Hacia el norte se extendían interminablemente praderas y
llanos, listados por numerosos cursos de agua que iban a parar al mar, bien en
torrentes tumultuosos, bien en cataratas retumbantes. De la superficie de
aquellas inmensas praderas surgían aquí y allá, verdes islotes, espesos bosques
entre los cuales se habría buscado en vano un pueblo, y cuyas cimas se teñían de
púrpura con los rayos del sol que llegaba entonces a su ocaso. Más allá,
limitando el horizonte por aquella parte, se perfilaban las macizas formas de
una cordillera coronada por la blancura deslumbrante de los glaciares.
Hacia el este, el relieve de la región era más acentuado.

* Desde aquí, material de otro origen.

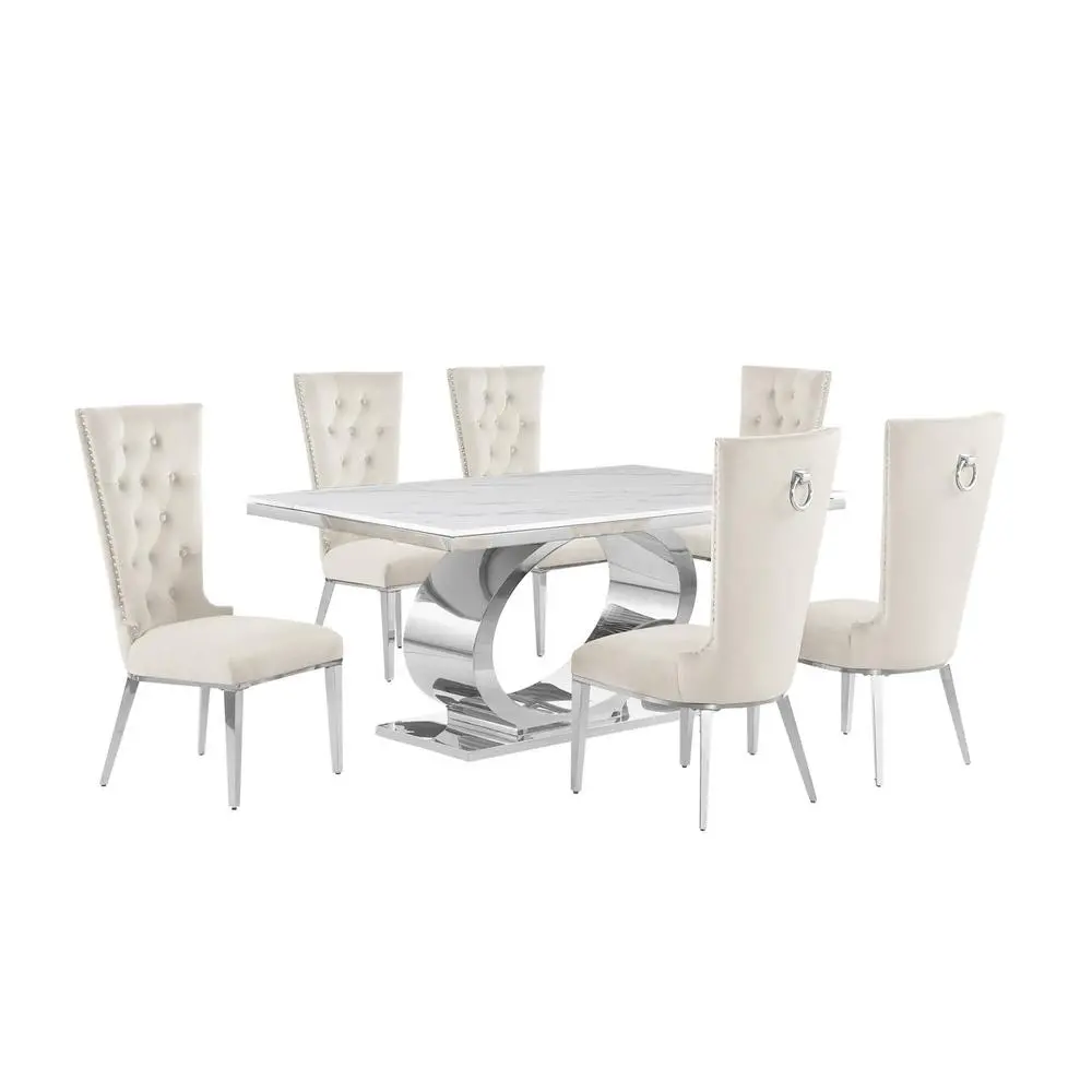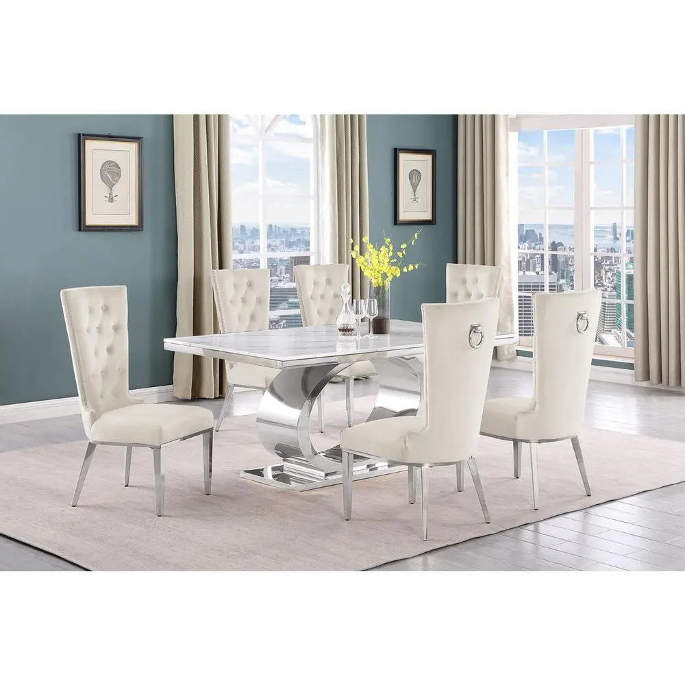 Be the first to review “7pc Small(68″) marble top dining set with silver base and 6 Cream side chairs”

Perpendicularmente al litoral, el acantilado se escalonaba en niveles sucesivos
y luego se alzaba por fin bruscamente en picos agudos que iban a perderse en las
zonas elevadas del cielo.
Aquellos parajes parecían totalmente desiertos. La misma
soledad también en el canal. Ni una embarcación a la vista, ni siquiera una
canoa de corteza o una piragua de velas. En fin, por más lejos que alcanzara la
vista ni de las islas del sur, ni de punto alguno del litoral o saliente del
acantilado, se elevaba ningún humo que atestiguara la presencia de criaturas
humanas.
El día había llegado a esa hora, siempre impregnada de cierta
melancolía, que precede inmediatamente al crepúsculo. Grandes pájaros
planeadores, formados en bandadas ruidosas, hendían el aire en busca de su
cobijo nocturno.
El Kaw-djer, con los brazos cruzados y de pie sobre la roca en
que se había subido, guardaba la inmovilidad de una estatua. Pero mientras
contemplaba aquella prodigiosa extensión de tierra y de mar, última parcela del
globo que no pertenecía a nadie, última región que no sucumbía bajo el yugo de
las leyes, un éxtasis iluminaba su rostro, palpitaban sus párpados y sus ojos
brillaban por un entusiasmo sagrado.